Personal information
- Full name: Joely Andrews
- Date of birth: 30 April 2002 (age 24)
- Place of birth: Northern Ireland
- Position: Midfielder

Team information
- Current team: Hibernian
- Number: 6

Senior career*
- Years: Team / Apps / (Gls)
- Glentoran / 83 / (33)
- 2024–2026: Heart of Midlothian / 0 / (1)
- 2026–: Hibernian / 0 / (0)

International career^{‡}
- 2018–2019: Northern Ireland U-17 / 11 / (0)
- 2019: Northern Ireland U-18 / 1 / (0)
- 2020: Northern Ireland U-19 / 2 / (0)
- 2020–: Northern Ireland / 7 / (1)

= Joely Andrews =

Northern Irish footballer

Joely Andrews (born 30 April 2002) is a Northern Irish footballer who plays as a midfielder for Scottish Women's Premier League side Hibernian and the Northern Ireland women's national team. She previously played for Glentoran, having joined their first ever Junior Academy age 8.

==Club career==

=== Hearts ===
On 6 July 2024, Andrews joined Scottish Women's Premier League team Heart of Midlothian on a two-year deal from Glentoran, alongside teammate Kerry Beattie.

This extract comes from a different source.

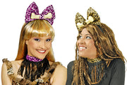 Das Set besteht aus einem Haarreif mit einer großen Schleife und einem eingebundenen Knochen. Dazu gehört noch das passende Halsband mit Fransen. Das komplette Set ist im Leoparden-Look gehalten und in verschiedenen Varianten erhältlich.
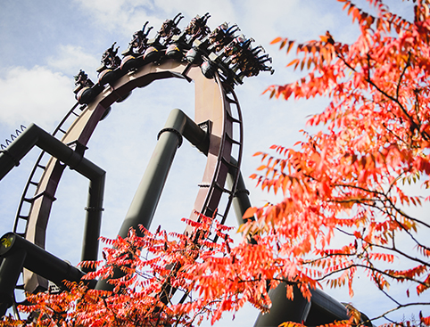 Delve into the depths of hell on Nemesis Inferno, the inverted coaster that speeds into the fiery heat of a volcano on its spinning, diving journey through a vertical loop, zero-G roll, corkscrews and more.

Andrews scored her first goal at Hearts on 18th August 2024 against Spartans Woman FC, adding to the 5-0 final score.

=== Hibernian ===
In July 2026, Andrews joined Hibernian on a two-year deal.

== International career ==
Andrews is a member of the Northern Ireland national team. On 10 September 2020, she received her first call up to the senior Northern Ireland team. She made her debut against the Faroe Islands on 18 September, coming on as a substitute.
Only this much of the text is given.